Governments worldwide are no longer hesitant to crack down on social media companies and their executives. In August, Pavel Durov, the billionaire founder of the Telegram messaging app, was arrested in France as part of a broad investigation into criminal activity on the platform. Days later, a Brazilian Supreme Court justice blocked access to X, one of the country’s most popular social networks, amid a showdown with owner Elon Musk. And this month a Washington D.C. district court will hear arguments about whether the U.S. government can ban TikTok.
Lost in the noise generated by these high-profile disputes, India’s attempts to regulate Western social platforms have received little attention. That may change soon, though, as two recent court cases concerning Wikipedia raised alarms after a high-court judge threatened to ban the encyclopedia if identified users weren’t unmasked and a spokesperson for the ruling Bharatiya Janata Party (BJP) labeled the site as part of the “Western deep state.”
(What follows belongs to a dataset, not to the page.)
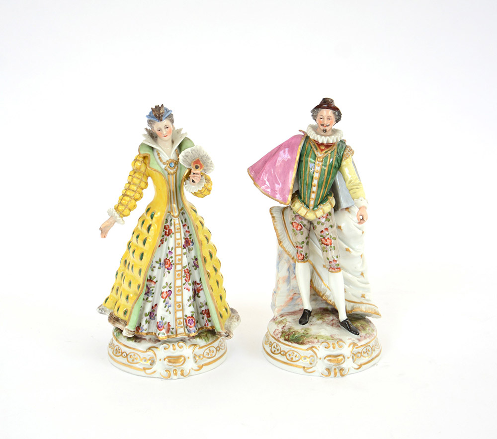 Coppia di statuine in porcellana decorate in policromia raffiguranti dama e cavaliere in abiti rinascimentali. Marca di fabbrica. Germania, sec. XX (h. cm 26) (difetti)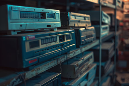 Retro Music Player in Vintage Record Store with Classic Albums. Concept of retro cassette tape player, music memorabilia, historical soundtracks, and cultural nostalgia.

Wikipedia’s parent company, the Wikimedia Foundation, is accustomed to such legal threats, many of which are documented in a lengthy Wikipedia article titled “Litigation involving the Wikimedia Foundation.” In similar previous cases, the San Francisco-based nonprofit has always affirmed that it is “strongly committed to protecting the privacy of editors and users on Wikimedia projects.” To this end, its privacy policy explicitly states it collects “very little personal information” about users.